The only way the Reporting team can scale query performance further is to split data into more and smaller shards, which is not trivial. We’ll discuss this next.
- Ingest throughput scaling: the ability to scale up and down the amount of ingested data in a defined amount of time such as a second or a minute.
- Ingest performance scaling: the ability to increase or decrease the speed of ingesting a set of data into the system.
In order to have four shards of sales data as described above, the ingest data must be sharded at load time. Figure 8 illustrates an ingest node that takes all ingest requests, shards them accordingly, handles pre-ingest work, and then saves the data to the right shard.

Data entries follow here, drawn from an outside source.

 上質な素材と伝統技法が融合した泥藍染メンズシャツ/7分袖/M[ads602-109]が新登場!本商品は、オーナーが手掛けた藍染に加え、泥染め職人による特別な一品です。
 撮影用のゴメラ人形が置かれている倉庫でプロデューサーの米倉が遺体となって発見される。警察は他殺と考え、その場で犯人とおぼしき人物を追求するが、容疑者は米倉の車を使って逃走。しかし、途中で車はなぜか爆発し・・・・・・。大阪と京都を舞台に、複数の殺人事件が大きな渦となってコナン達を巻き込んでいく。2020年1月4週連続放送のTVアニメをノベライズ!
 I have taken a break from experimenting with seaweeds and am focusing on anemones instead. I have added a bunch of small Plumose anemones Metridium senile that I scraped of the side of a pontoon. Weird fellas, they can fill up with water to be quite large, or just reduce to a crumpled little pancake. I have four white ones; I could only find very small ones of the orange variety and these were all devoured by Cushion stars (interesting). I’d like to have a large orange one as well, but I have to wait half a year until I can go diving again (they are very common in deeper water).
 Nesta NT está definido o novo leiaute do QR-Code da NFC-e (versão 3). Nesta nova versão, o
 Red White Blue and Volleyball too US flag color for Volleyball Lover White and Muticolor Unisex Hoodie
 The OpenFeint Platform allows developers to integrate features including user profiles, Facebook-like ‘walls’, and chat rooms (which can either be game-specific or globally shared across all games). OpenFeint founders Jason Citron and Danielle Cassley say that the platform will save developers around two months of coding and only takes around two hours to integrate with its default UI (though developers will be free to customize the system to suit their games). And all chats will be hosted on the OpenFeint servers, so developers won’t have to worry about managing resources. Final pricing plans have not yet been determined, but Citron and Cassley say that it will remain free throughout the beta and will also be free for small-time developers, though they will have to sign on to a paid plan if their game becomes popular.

However, when the ingest data increases, one ingest node no longer catches up with the requests and ingest data gets lost. Thus a new setup shown in Figure 9 is built to add more ingest nodes, each handling data for a different set of write requests to support higher ingest throughput.
Even though the new setup handles a higher ingest volume of throughput and no data gets lost, the increasing demand of lower ingest latency makes the teams think they need to change the setup further. The ingest nodes that need lower ingest latency are converted into ingest clusters, shown in Figure 10.

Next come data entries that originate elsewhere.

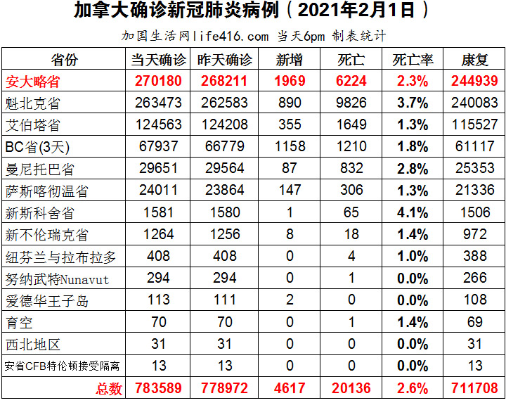 【加国生活网编译报道】截至2021年2月1日下午6点,加拿大新冠确诊病例总数为783589(3天新增4617,当天新增3736),死亡20136(3天新增104)。安省确诊总数270180(新增1969);魁省确诊总数263473(新增890);艾省确诊总数124563(新增355);BC省确诊总数67937(3天新增1158,当天新增277);曼省确诊总数29651(新增87);萨省确诊总数24011(新增147)。BC省新增277例自去年10月以来的单日最低新增病例;魁省新增890例,创自去年11月以来的单日最低新增病例;安省确诊首例南非变异新冠病毒,患者没有旅行史,也没有与外地人接触。加国生活网专门制作了如下统计数据表:
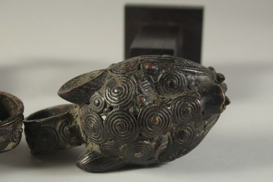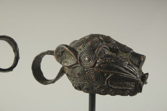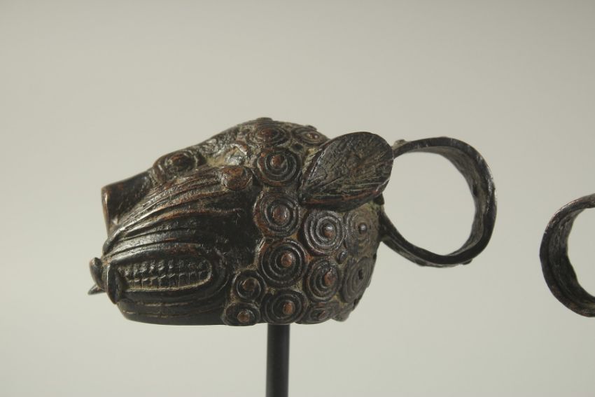 A PAIR OF BINI / BENIN AFRICAN BRONZE MASQUE LEOPARD DANCE MASKS, elevated on wooden stands, the heads 13cm long, 25cm high on stand.
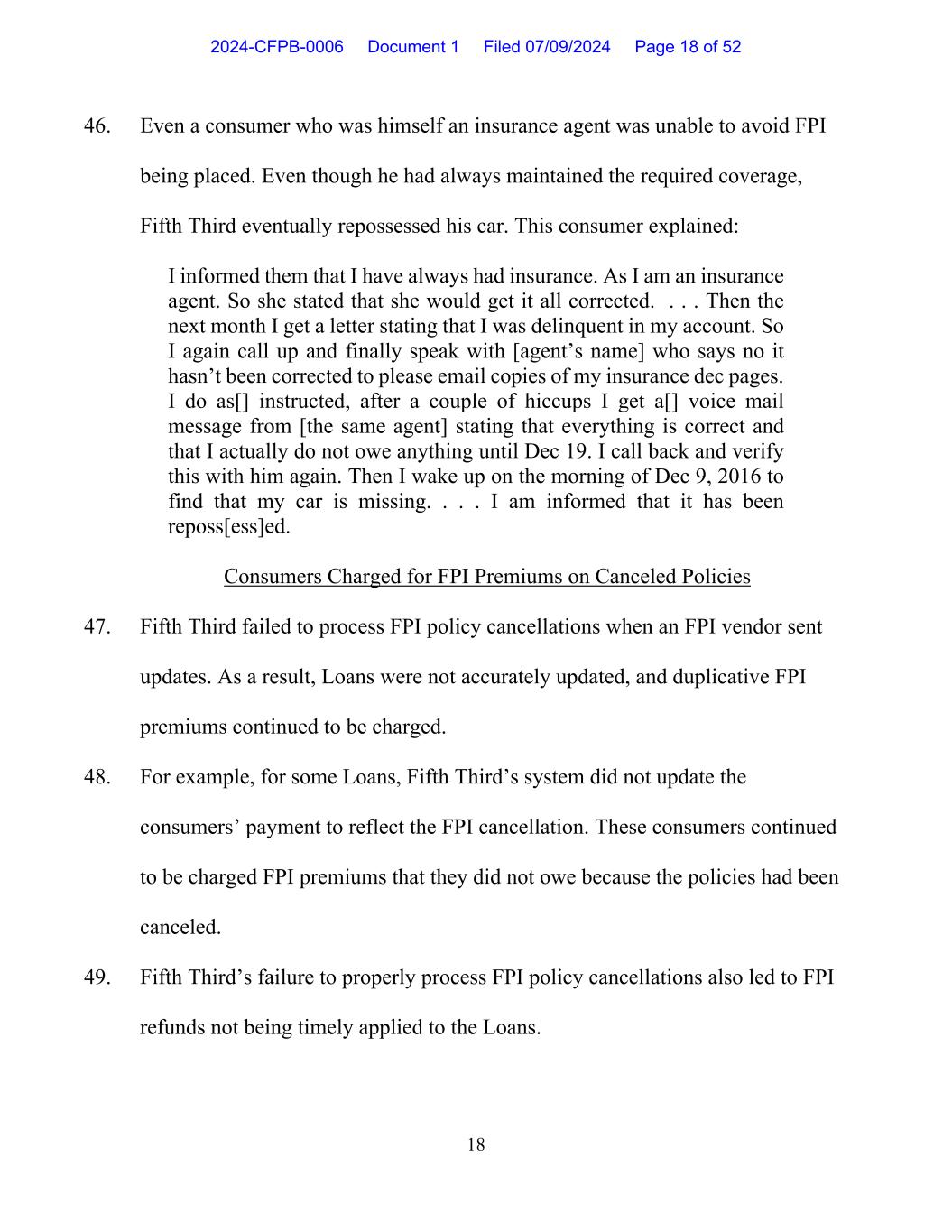 18 46. Even a consumer who was himself an insurance agent was unable to avoid FPI being placed. Even though he had always maintained the required coverage, Fifth Third eventually repossessed his car. This consumer explained: I informed them that I have always had insurance. As I am an insurance agent. So she stated that she would get it all corrected. . . . Then the next month I get a letter stating that I was delinquent in my account. So I again call up and finally speak with [agent’s name] who says no it hasn’t been corrected to please email copies of my insurance dec pages. I do as[] instructed, after a couple of hiccups I get a[] voice mail message from [the same agent] stating that everything is correct and that I actually do not owe anything until Dec 19. I call back and verify this with him again. Then I wake up on the morning of Dec 9, 2016 to find that my car is missing. . . . I am informed that it has been reposs[ess]ed. Consumers Charged for FPI Premiums on Canceled Policies 47. Fifth Third failed to process FPI policy cancellations when an FPI vendor sent updates. As a result, Loans were not accurately updated, and duplicative FPI premiums continued to be charged. 48. For example, for some Loans, Fifth Third’s system did not update the consumers’ payment to reflect the FPI cancellation. These consumers continued to be charged FPI premiums that they did not owe because the policies had been canceled. 49. Fifth Third’s failure to properly process FPI policy cancellations also led to FPI refunds not being timely applied to the Loans. 2024-CFPB-0006 Document 1 Filed 07/09/2024 Page 18 of 52

Here each cluster includes a shard node that is responsible for sharding the coming data and additional ingest nodes. Each ingest node is responsible for processing pre-ingest work for its assigned shards and sending the data to the right shard storage. The performance of Ingest Cluster 2 is twice that of Ingest Node 1, as the latency is now around half of the previous setup. Ingest Cluster 3 is around four times as fast as Ingest Node 1.
During times of the year when the latency is not critical, a couple of nodes are temporarily removed from Ingest Cluster 3 to save resources. When ingest throughput is minimal, Ingest Cluster 2 and Ingest Cluster 3 are even shut down and all write requests are directed to Ingest Node 1 for ingesting.

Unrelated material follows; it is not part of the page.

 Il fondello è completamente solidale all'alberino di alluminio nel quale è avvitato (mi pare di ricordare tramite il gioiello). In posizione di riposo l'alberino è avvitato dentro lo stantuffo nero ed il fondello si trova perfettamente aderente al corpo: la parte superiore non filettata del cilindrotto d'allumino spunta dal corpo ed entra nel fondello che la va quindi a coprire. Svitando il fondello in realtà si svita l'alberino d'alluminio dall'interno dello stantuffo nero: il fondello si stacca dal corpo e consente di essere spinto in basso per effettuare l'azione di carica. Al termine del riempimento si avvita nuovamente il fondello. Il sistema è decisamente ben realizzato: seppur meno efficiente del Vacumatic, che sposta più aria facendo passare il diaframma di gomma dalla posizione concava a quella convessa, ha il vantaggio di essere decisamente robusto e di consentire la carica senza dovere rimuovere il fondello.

As with their query workloads, the Reporting, Marketing, and Sales teams are very happy with the elastic scaling setup for their ingest workloads. However, they notice that even though ingest throughput scales up and down easily by adding and removing ingest clusters, when Ingest Cluster 3 has reached its scale factor of four, adding more ingest nodes to its cluster doesn’t improve performance. Thus we can say that its ingest throughput scaling is fully elastic, but its ingest performance scaling is only elastic to the scale factor of four.
Preparing for future elasticity
As demonstrated in the examples, the query and ingest throughput scaling of the setups in Figure 6 and Figure 10 are fully elastic, but their performance scaling is only elastic to the scale factor of four. To support a higher performance scaling factor, the data should be split into smaller shards, e.g., one shard per state. However, when we go with a smaller scale factor, many shards must be mapped to one query node in the query cluster. Similarly, one ingest node must handle the data of many shards.
A limitation of performance scaling is that increasing the scale factor (i.e., splitting data into smaller shards) does not mean the system will scale as expected due to the overhead or limitations of each use case—as we saw in Nancy’s fast food restaurant, where the max performance scaling factor was two employees per order.
The elastic throughput and performance scalings described in this post are just examples to help us understand their role in a database system. The real designs to support them are a lot more complicated and need to consider more factors.